Notifications You must be signed in to change notification settings

wletsou/ChromosomeOverlap

Repository files navigation

Chromosome Overlap

This document outlines how to perform Chromosome Overlap in an HPC environment (LSF).  The goal is to obtain a list of closed haplotype patterns from (filtered meta-)chromosomes from a population consisting of cases and controls.

Initiation

Your input haplotype file haplotype_estimates.cases.${NAME}.txt should be of the following form:

sid rs0000001_A rs0000002_G rs0000003_C ...
0001 0 0 0 ...
0001 0 1 0 ...
0002 1 0 0 ...
0002 1 0 0 ...

Each row is chromosome from subject sid in the cases population; another file should exist for the controls.  Alternate alleles of SNP rsid_Alt are indicated with a 1 and reference alleles with a 0.  Such files are prepared from the scripts in scripts-haplotype_extraction.

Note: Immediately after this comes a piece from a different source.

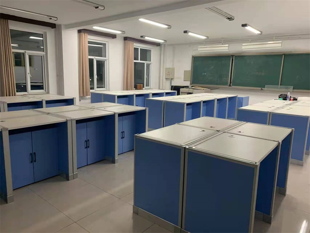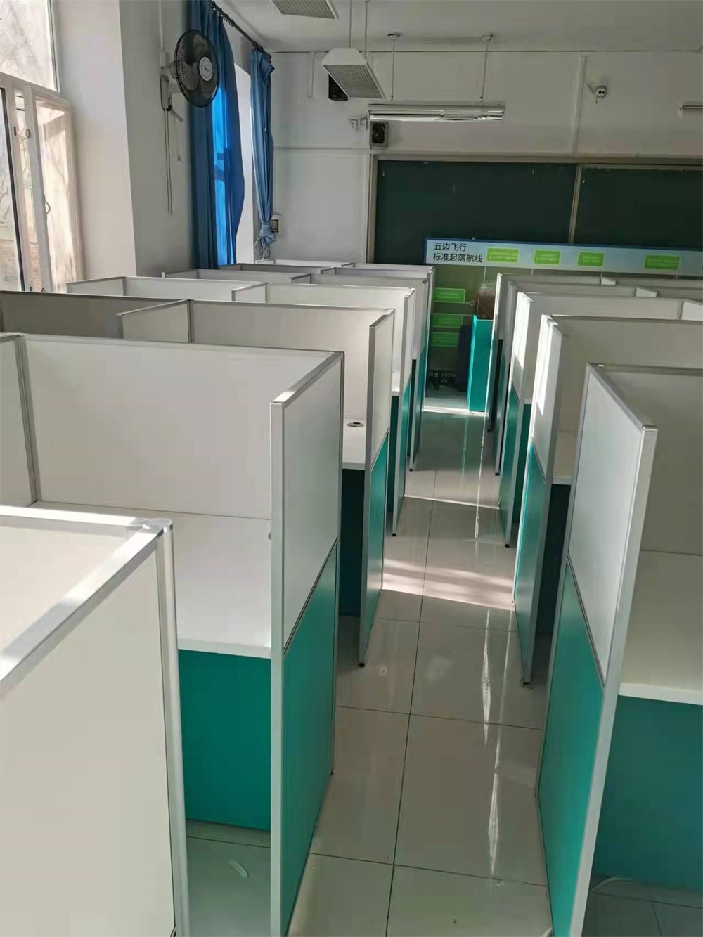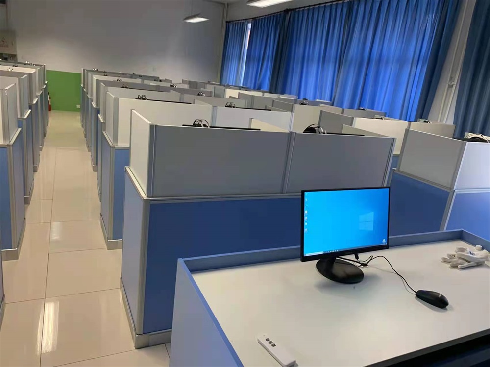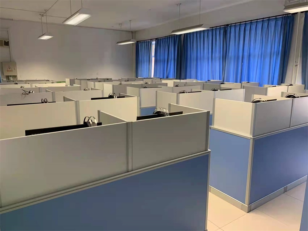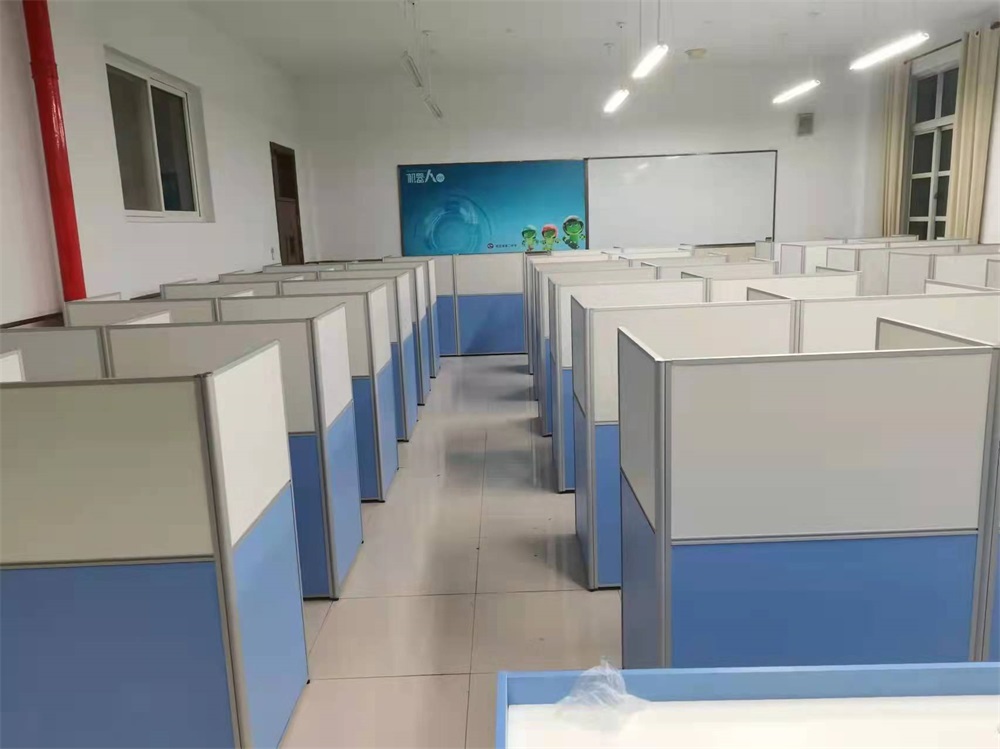 根據北京延慶5所中學對升降屏風教室的使用需求,方方智能對該教室設計了一套可以升降的智能升降屏風桌,每個座位都有可升降的屏風,考試時屏風升起后可有效的隔斷相鄰人的正常視線,防噪音效果,可達到互不干擾的作用,當屏風降下時,可以用于學生日常上課使用。實現了一室多用、考學合一。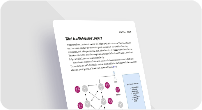 Chapter 3 Design What Is a Distributed Ledger? A replicated and consistent version of a ledger is distributed across libraries. Libraries can check and validate the authenticity and consistency of a book by observing, comparing, and taking consensus from other libraries. If a ledger is distributed across libraries, this can be considered a prefect analogy of a distributed ledger. A distributed ledger wouldn’t have central trust authority. Libraries are considered as nodes. Each node has a consistent version of a ledger. Transactions are added in blocks and blocks are added in the ledger, with the consensus of nodes participating in blockchain network (Figure 3-24). Figure 3-24. Blockchain Smart Contract Smart contracts are self-executing computer programs with an agreement between the participants on assets, and this contract exists across a distributed and decentralized blockchain network. For example, in a banking use-case, an account can be considered as an asset, whereas banks and account holders are the participants. Participants are the users of the blockchain network. Participants can write a smart contract with predefined agreements on assets. On the basis of transactions done by participants in the network, 97

Find all unique chromosomes in haplotype_estimates.cases.${NAME}.txt using

awk 'NR==1{char=length(NF-1)} NR>1{printf "1\t"; for (i=2;i<=NF;i++) {printf "%s%0"char"d_%s",(i>2?",":""),i-1,$i}; printf "\n"}' haplotype_estimates.cases.${NAME}.txt | awk 'BEGIN{OFS="\t"} {seen[$2]+=$1} END{for (i in seen) {print seen[i],i} }' > Pattern_combined.Iteration000.${NAME}_${PATTERN}.txt

where ${NAME} is a location label indicating the chromosome and position of the haplotypes, and ${PATTERN} is a suffix indicating the type of overlap (e.g., 2,j indicates pairwise overlap of and 2,3,j triple-wise).  These names will be used for combining the results of different jobs.  The output Pattern_combined.Iteration000.${NAME}_${PATTERN}.txt will be a two-column table of counts of meta-chromosomes:

2 01_1,02_0,04_0,...
1 01_1,02_1,03_0,...
... ...

Each meta-chromosome is a list of SNPs (indexed by their column numbers in your haplotype file) and their corresponding alleles (0 or 1).

Perform the initial overlap with at least 50 overlaps per job by running:

bsub -P ChromosomeOverlap -J ChromosomeOverlap_iteration_sub_parallel.v3.Iteration000 -oo ChromosomeOverlap_iteration_sub_parallel.v3.Iteration000.out -eo ChromosomeOverlap_iteration_sub_parallel.v3.Iteration000.err -R "rusage[mem=512]" "sh ChromosomeOverlap_iteration_sub_parallel.v3.sh \"${NAME}\" 2 \"${Pattern}\" 50 0"

The overlaps are partioned to nodes using index2combo2.R, which assigns a unique multiindex i_1,i_2,...,i_sigma corresponding to the Ith overlap of $SIGMA chromosomes in a σ-dimensional triangular array:

RScript index2combo2.R I=starting_index n=total_number_of_chromosomes sigma=$SIGMA

The value 50 indicates that the total number of overlaps per job should be 50, which value doubles until the total number of jobs required to complete all pairwise overlaps is below a threshold MAX_JOBS; 2 indicates that the overlaps should consist of two chromosomes each; and 0 indicates that no overlaps have been completed yet (corresponding to Iteration000).  The output of this step is a file Pattern_combined.Iteration001.${NAME}_${PATTERN}.txt, containing counts of meta-chromosomes and their corresponding SNP-alleles, and another file Closed_patterns_stats.${NAME}_${PATTERN}.txt, which keeps track of all the closed patterns found so far and the iteration at which they were discovered.  The program automatically halts after completing iteration 1 to allow the user to apply p-value-based filtering.

Filtering

Get the segregation of each pattern discovered at iteration 1 in Closed_patterns_stats.${NAME}_${PATTERN}.txt between cases and controls using:

bsub -P ChromosomeOverlap -J ChromosomeOverlap_haplotype_count_sub.v5.Iteration001 -oo ChromosomeOverlap_haplotype_count_sub.v5.Iteration001.out -eo ChromosomeOverlap_haplotype_count_sub.v5.Iteration001.err -R "rusage[mem=256]" "sh ChromosomeOverlap_haplotype_count_sub.v5.sh haplotype_estimates.cases.{NAME}.txt,haplotype_estimates.controls.${NAME}.txt Closed_patterns_stats.${NAME}_${PATTERN}.txt 50 \"1\" \"Iteration001.${NAME}\""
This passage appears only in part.